Pour ma part, tu le sais, je n'attends qu'un mot de toi pour ne me consacrer qu'à toi, ce qui, en réalité, est même déjà le cas. Tu es le seul avec qui je passe du temps, le seul avec qui je couche. J'accepte de te partager parce que je sais que je ne peux pas répondre à tes besoins à moi seul. Pourtant, je serai heureux d'être le seul autorisé à te toucher, le seul à te prendre dans mes bras, à te faire gémir. C'est une autorisation que j'attends depuis longtemps, et j'ai du mal à encaisser que tu laisses un mec que tu viens juste de rencontrer, un mec vulgaire et qui t'es désagréable, avoir cette priorité sur moi.
Mais peut-être ne suis-je qu'un idiot à espérer qu'un jour je compte pour toi plus qu'un autre.
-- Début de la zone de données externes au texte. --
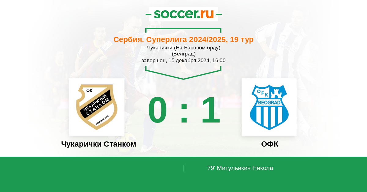 Протокол матча Чукарички Станком против ОФК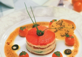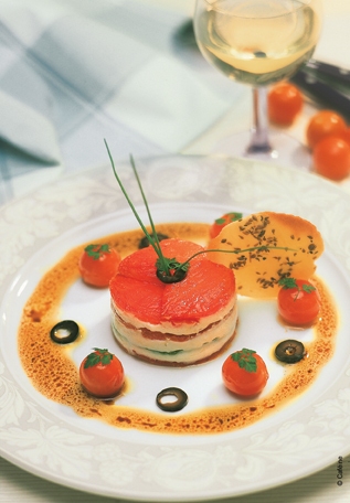 Présentation : intercaler des couches de tomates, de crème de Chavignol et de poivrons confits.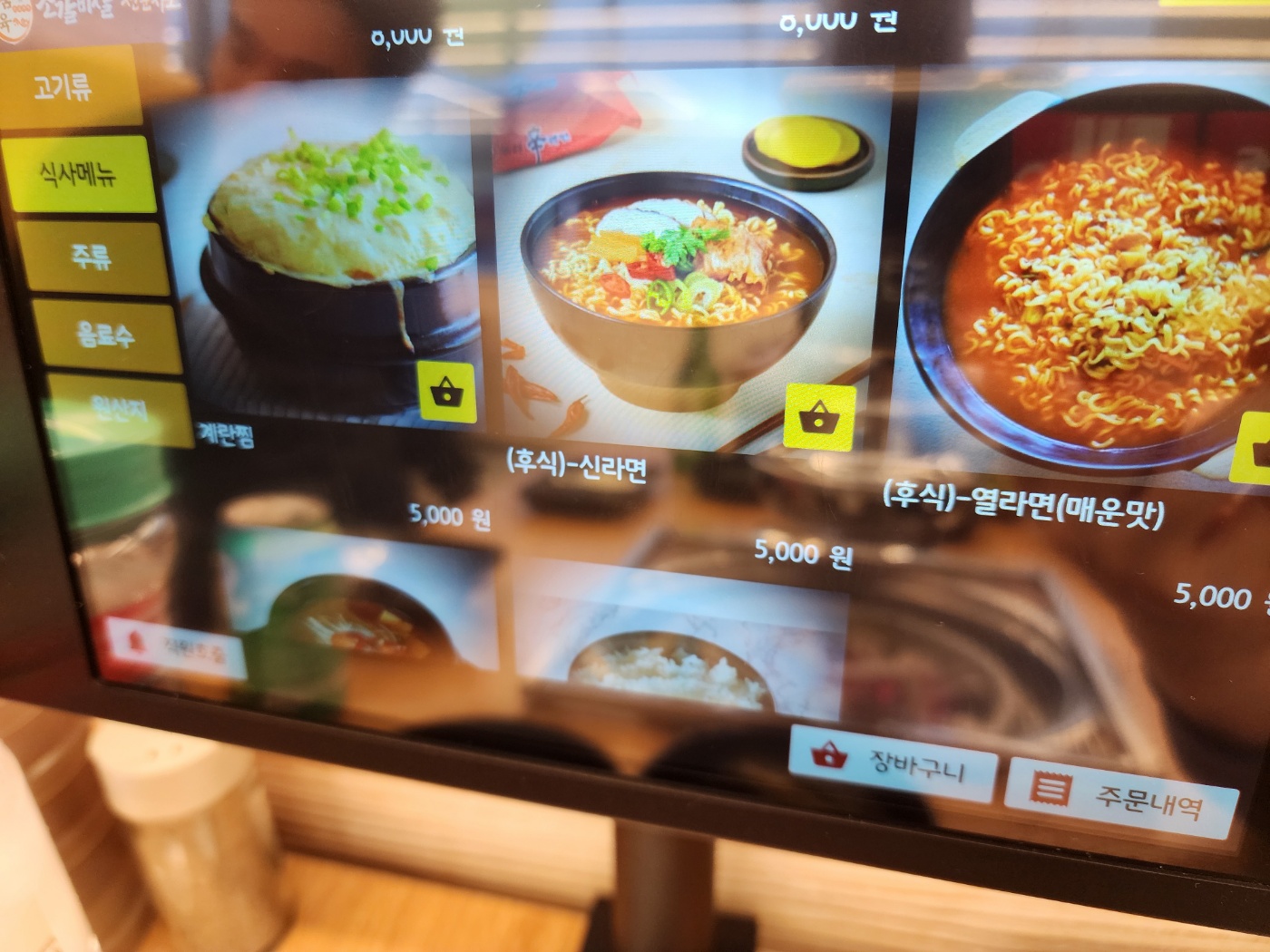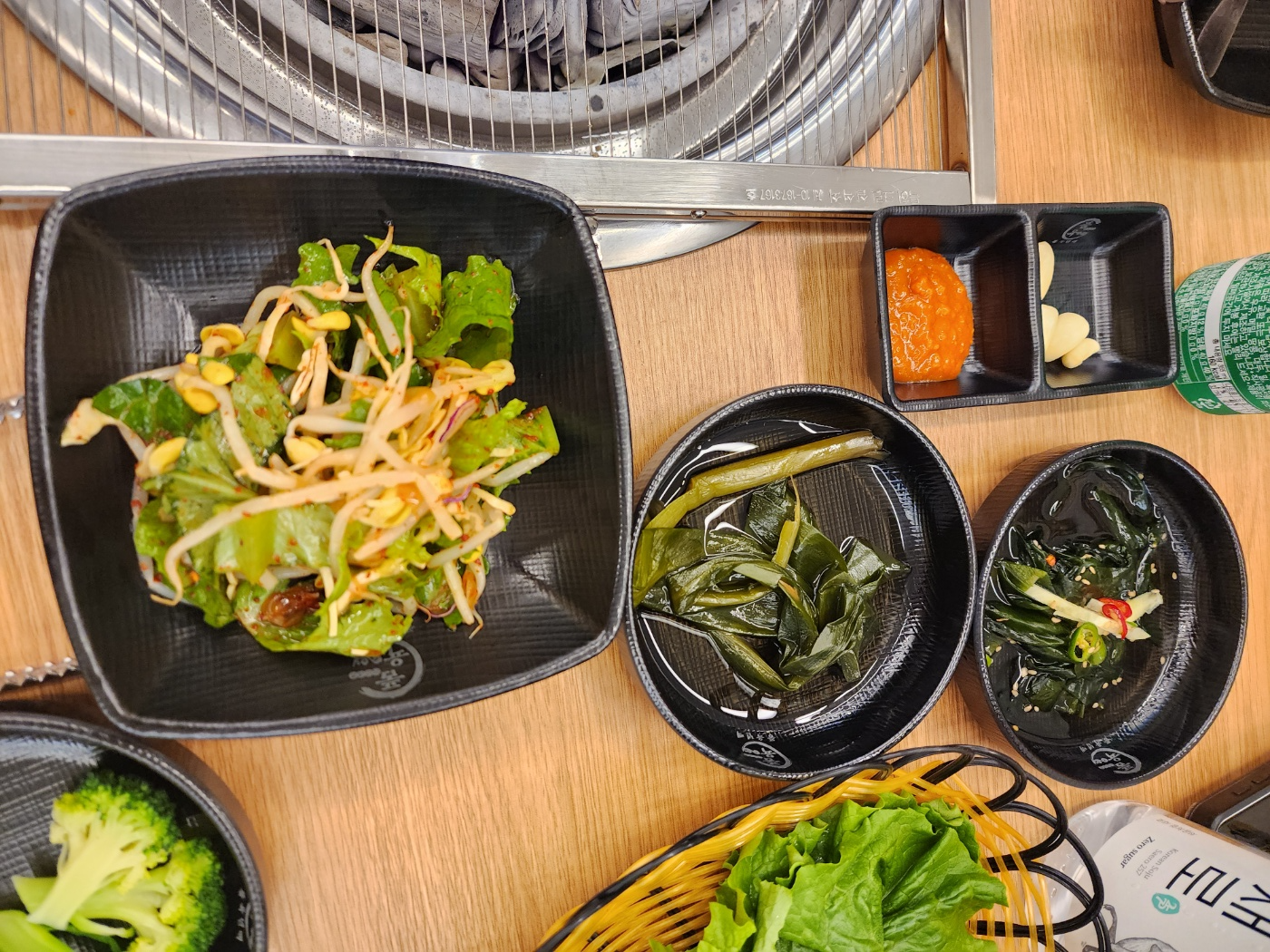 처음에는 기본반찬이 나오고 그다음부터는 셀프바를 이용해요.

Et si ce n'est pas le cas, alors dis-moi combien de temps encore je vais devoir attendre. Car je t'attendrai, peu importe le temps qu'il faudra.
J'aimerai que nous puissions en parler en face à face. Que dirais-tu de se retrouver ce soir ? Nous pourrions sortir, discuter, et je te prendrais contre moi, je te ferais l'amour. Tu me manques, Joe.
Bien à toi,
Stéphane
Le portable de Joeffrey sonna. Il lut le mail de son amant, mais seul un sourire amer se forma sur ses lèvres. Aux mots du cuivré, il était clair pour le noiraud que celui-ci s'estimait une forme de droit de veto sur les personnes qu'il pouvait fréquenter. Sans compter qu'il sentait la tentative de culpabilisation. Si, jusqu'à présent, le comportement possessif de Stéphane à son égard ne l'avait pas dérangé, puisqu'il restait dans les limites qu'il tolérait, ce mail les dépassait. Pire encore à ses yeux, il laissait transparaître une chose qui le blessa profondément : ce qui manquait à son amant, c'était son corps, et, quoi qu'il en dise, il ne savait rien de lui, de ses ''besoins réels'', de ses blessures...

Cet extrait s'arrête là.